Spor yapmak bu kadar hayatımızın merkezine yerleşmişken, bu ay şehirde son sportif trendlerden biri olan kişisel antrenörlük olayını inceleyelim ve değerlendirme yapmaya çalışalım istedim.
3_0
Zaman: Bu konuya özellikle değiniyorum. Çünkü iyi hocalar genelde çok yoğun oluyor ve programsız olanları “hayır” demeyi bilmiyorlar. Böyle olunca da, hem verim düşüyor hem program yaparken zaman sıkıntısı yaşanıyor, hem de zırt pırt antrenman saatleriniz değişiyor. Gün içinde sekiz ders yapmış bir antrenörün zaten pestili çıkmış oluyor. Size geldiği zaman istemeden de olsa, yorgunluktan “bitse de gitsek” modunda olabiliyorlar. Zaman konusunu ve öğrenci sayısını mutlaka öğrenin, endişenizi açıkça belirtin ki ileride sorun olmasın.

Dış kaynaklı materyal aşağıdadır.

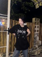 This Dior t-shirt features a bold oversized Dior logo in white on the front. The shirt is primarily black. offering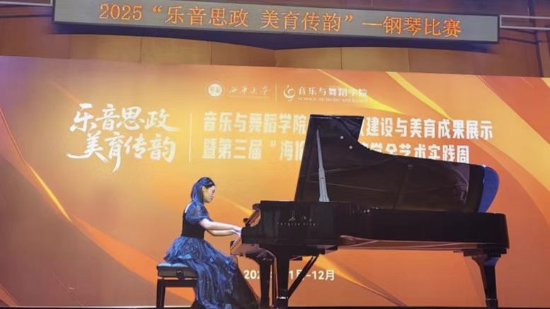 11月25日,学校艺术大楼内琴韵流淌、掌声阵阵。音乐与舞蹈学院“乐音思政,美育传韵”课程思政建设与美育成果展示艺术实践周之钢琴比赛在热烈氛围中如期举行。学院领导、专业教师与学生们齐聚一堂,共同沉浸在由黑白键构筑的音乐世界之中。活动不仅是技艺的展示,更是一次思想与艺术深度融合的生动实践。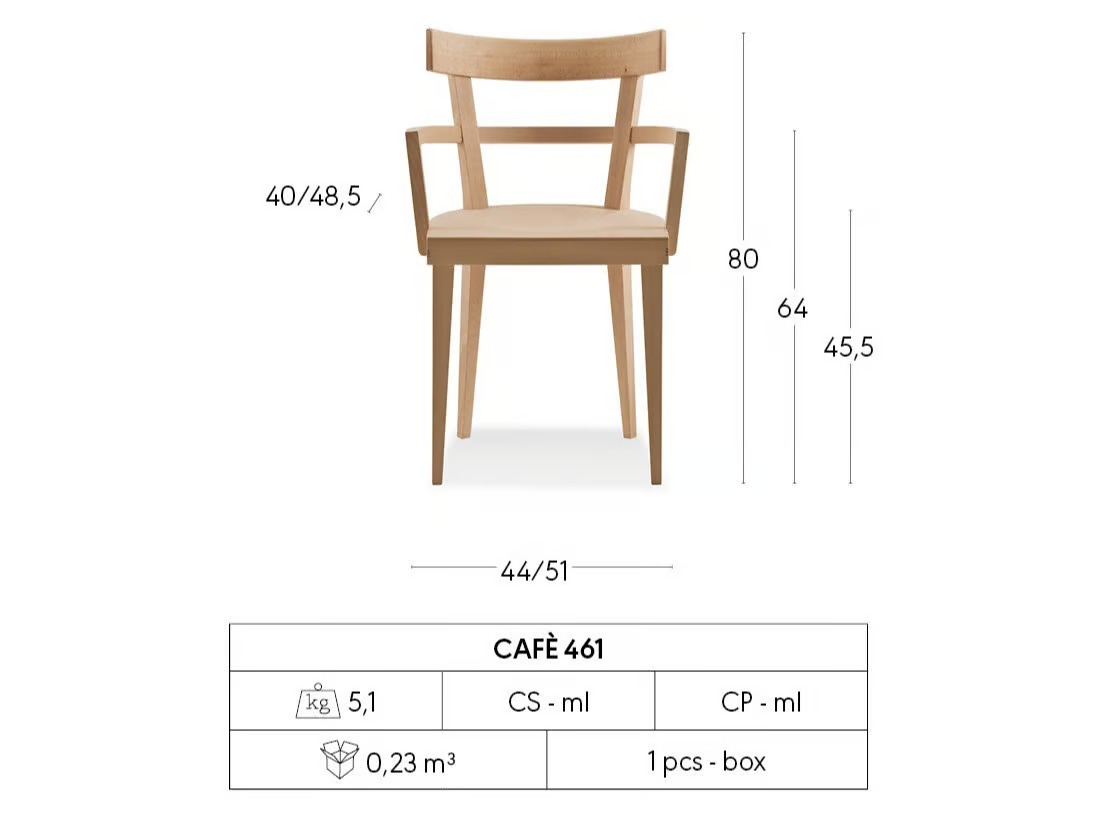 A CAFÈ 461 egy elegáns karosszék, amely tökéletes választás irodák, éttermek, kávézók, oktatási intézmények és konferenciatermek számára. A szék kiváló minőségű, pácolt vagy lakkozott bükkfából készült, és elérhető kárpitozott ülőfelülettel is. Ideális étkezőasztalokhoz és modern asztalokhoz, valamint irodai és kávézó környezetbe. A design székek kategóriájába tartozik, és harmonikusan illeszkedik különféle belső terekbe, legyen szó vendéglátóipari egységekről vagy középületekről.
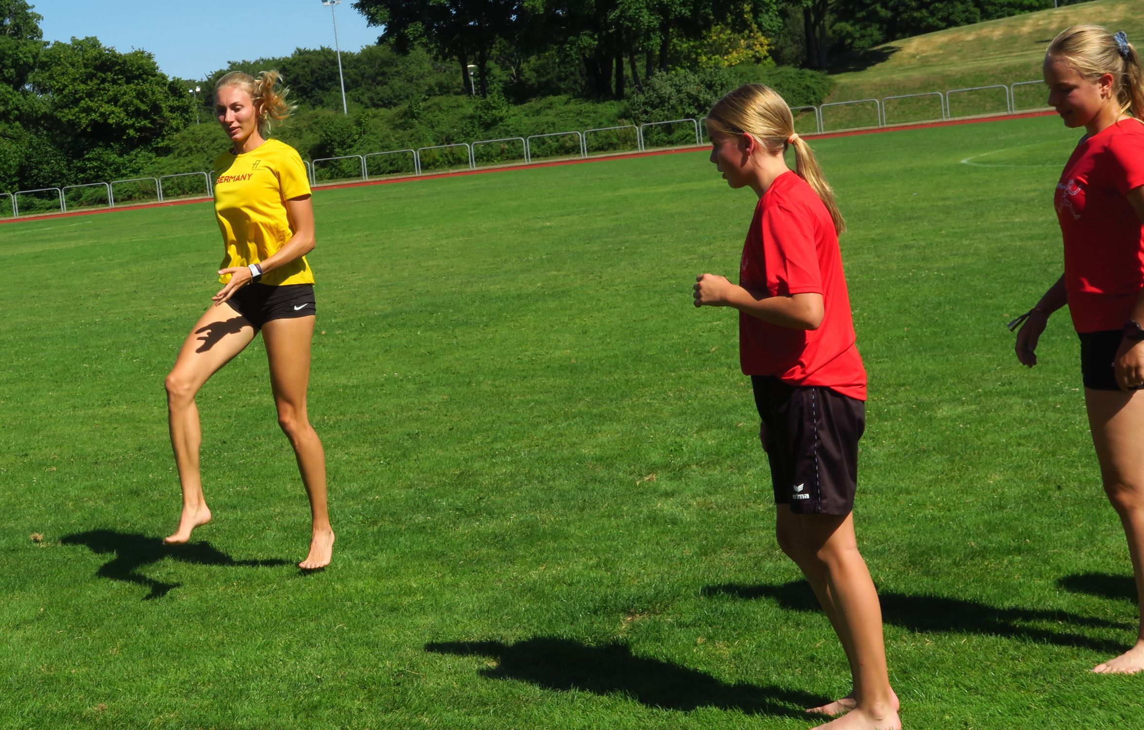 Nach der Begrüßung durch die Camp-Leiter Volker Zahn bzw. Christian Hummel konnte es im Stationenbetrieb losgehen, der in fünf Leichtathletik-Einheiten fast den ganzen Disziplin-Kanon abdeckte. Kennenlernspiele sorgten dafür, dass die Gruppen mehr Wissen über ihre Mitglieder anhäuften. Eine besondere Überraschung gab es für die Albstädter Gruppe: WM-Teilnehmerin Elisa Lechleitner – im Vorjahr noch als Betreuerin dabei – stattete dem Camp einen Besuch ab, gab Einblicke ins WM-Unternehmen und im Stadion dann auch massig Autogramme.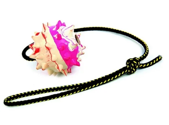 Dingo Zabawka dla psa - Piłka duża gumowa z kolcami na sznurze 60cm • Kod: mls-20801 • EAN: 5904760173231 • Kategoria: Wytrzymałe i edukacyjne zabawki dla psów. Zamów teraz online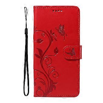 حالة لفون 14 الأحمر الأسود الحبل تنقش الجلود المشمش شجرة فليب بطاقة فتحة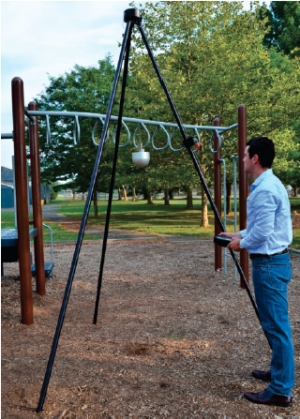 The Triax 2015 system is a playground surface impact test system, compliant with worldwide standards for the measurement of shock and head injury criteria values as would be experienced during an impact of a head on a surface system.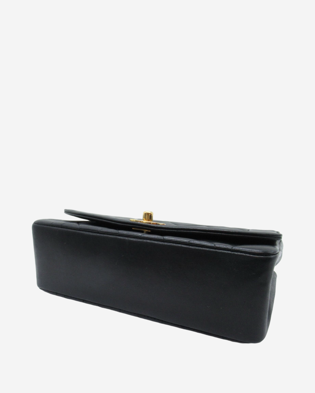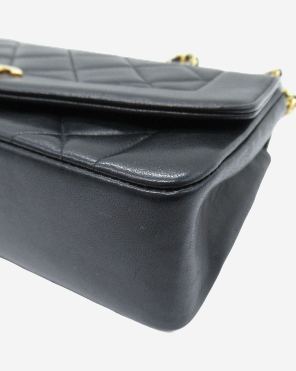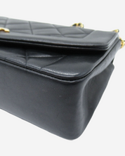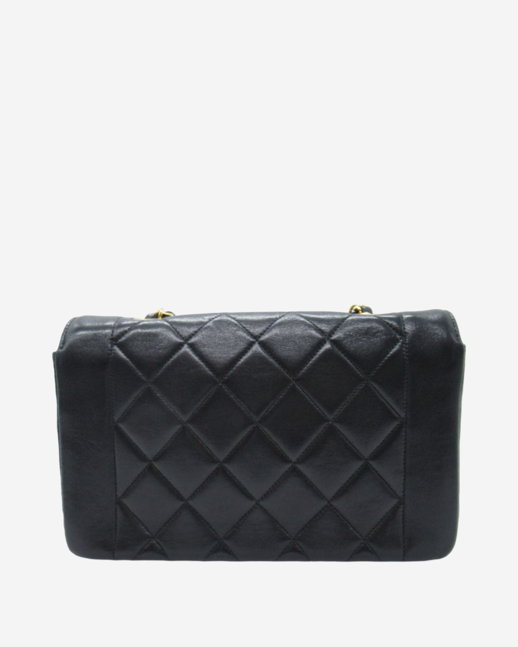 - Descripción: Bolsa de hombro diana en color negro, cierre CC turnlock, interior en color vino, strap oro 24k matelassé, hardware color dorado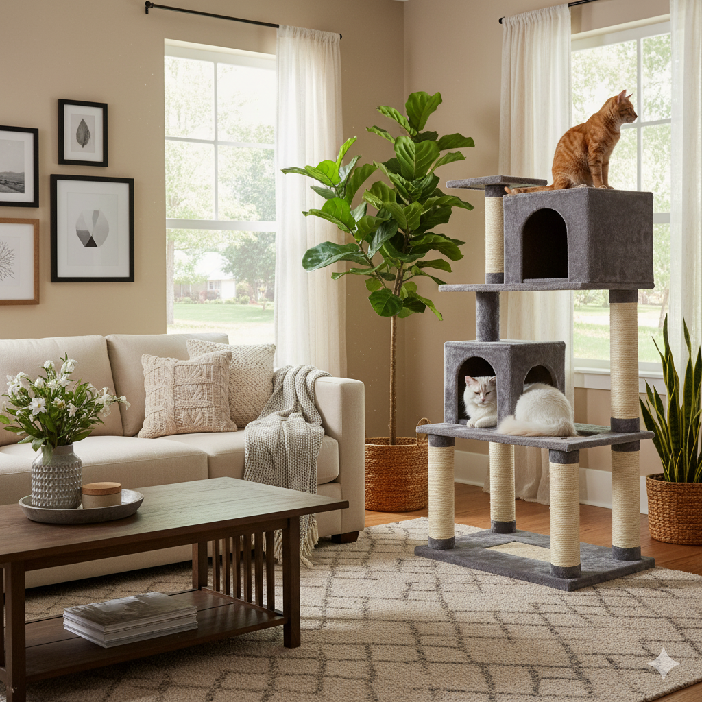 Este gimnasio para gatos le permite a tus michis explorar y ejercitarse.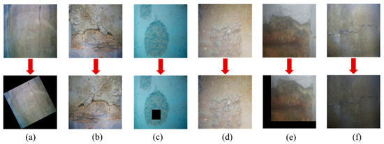 After performing underwater defect image acquisition, the acquired images were processed using various data enhancement methods to further expand the training data and improve the performance of the detection network. Data enhancement helped to maximize the use of limited data resources and make them more valuable. The specific effect of each type of data enhancement is shown in Figure 12. By performing data enhancement on the image data, more data samples were generated, the size of the dataset was expanded, and the overdependence of the model on the training data was reduced, which was very helpful in avoiding overfitting and improving the generalization ability of the model during training. At the same time, the expanded new images introduced randomness or variability, and the model needed to adapt to a variety of different data variations, making the model robust.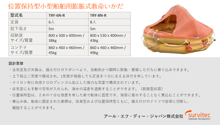 アール・エフ・ディー・ジャパン株式会社新ルール適用の位置保持型(改良型)小型船舶用膨脹式救命いかだ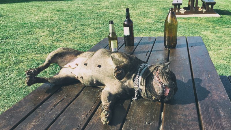 Claramente el perro no logra beber alcohol pero su tamaño y su poca conciencia del peso que tiene es que lo llevan a subirse arriba de este joven.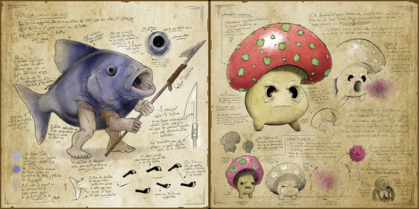 You'll find many notes from a mysterious explorer lost in the dungeons, with detailed drawings of the creatures that inhabit them, plus a lot of information on their behaviour and tips on how to deal with them!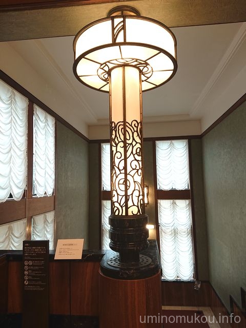 階段を上るとすぐにあるのは照明柱。こちらも宮内省内匠寮の作品で、バラの花柄で飾られています。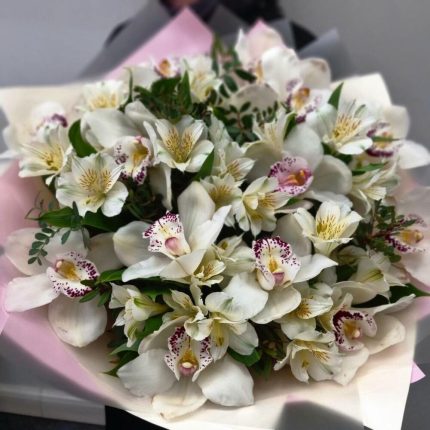 ЮЛИЯ огромный премиальный авторский букет из лилий, фрезий и альстромерии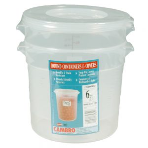 Container, Food, 6 Quart, Round, Translucent, Polypropylene, with Lid, 2 Ct Package

Sporcu olsun: Antrenörün sporcu geçmişini mutlaka öğrenin. Çocuklukta az da olsa spor yapmış bir antrenörün daha disiplinli, hedefe odaklı ve yüksek motivasyonlu olma ihtimali, hiç spor yapmadan muhteşem üniversite sistemimiz sayesinde spor akademisine girmiş ve zorlamayla meslek sahibi olmuş birisinden kesinlikle daha fazladır. Bir antrenörün illa ki eski bir şampiyon olmasına gerek yoktur ancak bu konu aynı zamanda spor çeşitliliği yaratırken çok faydalı olacaktır. Örneğin açık havada çalışacağınız bir gün, antrenörünüz sizinle koşabilecek kapasitede olmalı, size tempo verebilmeli, sizinle az da sohbet edebilmeli ki antrenman daha eğlenceli olsun. Yani özetle kişisel antrenörünüz göbekli olmasın!